Reuters news agency reported earlier Wednesday that the municipality cancelled a vote to approve settler units to avoid further strain on diplomatic relations with the US, as US Secretary of State John Kerry was set to give a speech addressing his vision for the Israeli-Palestinian conflict and a new United Nations Security Council resolution that reaffirmed that Israeli settlements in the occupied Palestinian territory are illegal under international law.

In the days following its passage, reports emerged that Israel’s Local Planning and Building Committee in Jerusalem municipality was expected to approve thousands of housing units in occupied East Jerusalem for illegal settlements. However, newer reports said the coming plans would have been just for the approval of 492 building permits in Ramot and Ramat Shlomo.
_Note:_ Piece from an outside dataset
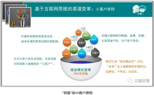 如今,在“雙童”的內(nèi)銷市場(chǎng)中,商超銷售占30%,個(gè)性化定制產(chǎn)品占30%,其余40%則是小客戶銷售。據(jù)統(tǒng)計(jì),“雙童”的小客戶總量已達(dá)到了12000多家,這些寶貴的客戶客觀上與“雙童”一直發(fā)生著動(dòng)態(tài)和靜態(tài)的貿(mào)易關(guān)系。有些靜態(tài)客戶可能一兩年才拿一次貨,一次拿幾箱產(chǎn)品。但在“雙童”看來,它們都是寶貴的客戶。正是因?yàn)橛唵晤~不大,對(duì)產(chǎn)品有個(gè)性化要求,反而造就了很高的品牌黏性——它們不至于因?yàn)檫@幾箱吸管而再去找其他企業(yè),從而形成巨大的長(zhǎng)尾效應(yīng),通過訂單的積累,長(zhǎng)期為企業(yè)創(chuàng)造著價(jià)值。

Members of the Jerusalem committee told Reuters Wednesday that the cancellation of the vote came at Israeli Prime Minister Benjamin Netanyahu's request out of fear the approval of the new settlements would have given Kerry "ammunition before the speech.”

However, just ahead of Kerry's speech, a vote on the Silwan project took place, according to Israeli daily Haaretz. The report also said that the Jerusalem municipality denied Netanyahu had called for the earlier vote on the units in Ramot and Ramat Shlomo to be put off.
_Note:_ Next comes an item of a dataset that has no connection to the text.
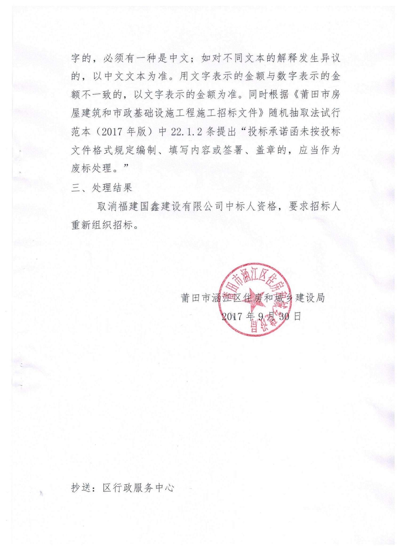 关于涵江区国欢镇塘西小学迁建工程土方工程招投标投诉处理的通知

The Silwan settlement project was introduced by the Israeli pro-settlement nonprofit organization Ateret Cohanim, and its approval was been postponed many times in the past due to political pressure, according to Haaretz.
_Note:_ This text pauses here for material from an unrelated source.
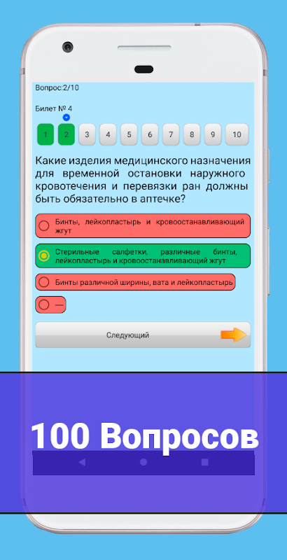 Aplikacja składa się z 10 biletów w każdym z 10 pytań.

The plan will permit Ateret Cohanim to construct a new building located near the site of controversial Beit Yonatan, which was sold to Ateret Cohanim by the custodian of absentee properties, without a tender. Beit Yonatan was the first illegal outpost established by Israeli settlers in the Batan al-Hawa area in 2005.

The plan had initially been set for approval back in May, according to Israeli settlement watchdog Peace Now.

Ateret Cohanim focuses on “Judaizing” East Jerusalem through a Jewish reclamation project working to expand illegal settlements and facilitate Jewish takeover of Palestinian properties across the Green Line into Palestinian territory.

Israeli settlement construction plans were just one aspect of the UNSC resolution’s fallout, with the Netanyahu government also calling for an end to all non-security related coordination with the Palestinian Authority, and drastically limiting diplomatic ties with UNSC members states.

Meanwhile, Israeli Education Minister Naftali Bennett again called for the total annexation of the illegal Israeli settlement of Maale Adumim as well as the entirety of Area C in the West Bank -- the more than 60 percent of the territory currently under full Israeli military and civil control.

Human rights groups and international leaders have strongly condemned Israel’s settlement construction in the occupied West Bank, claiming it is a strategic maneuver to prevent the establishment of a contiguous, independent Palestinian state by changing the facts on the ground, while members of Israel's parliament have repeatedly come forward announcing their support for annexing Area C.

A recent report by human rights group B'Tselem argued that under the guise of a "temporary military occupation," Israel has been "using the land as its own: robbing land, exploiting the area’s natural resources for its own benefit and establishing permanent settlements," estimating that Israel had dispossessed Palestinians from some 200,000 hectares (494,211 acres) of lands in the occupied Palestinian territory over the years.

B’Tselem highlighted the “key role” of Israeli settlers in further isolating Palestinians from their lands, either through the establishment of outposts officially unrecognized by the Israeli government, or through the regular use of violence or threats of violence against Palestinians.

The movement of Israeli settlers taking over Palestinian land, and further displacing the local Palestinian population has been a "stable" Israeli policy since the takeover of the West Bank and Jerusalem in 1967, B'Tselem reported, underscoring that all "Israeli legislative, legal, planning, funding, and defense bodies" have played an active role in the dispossession of Palestinians from their lands.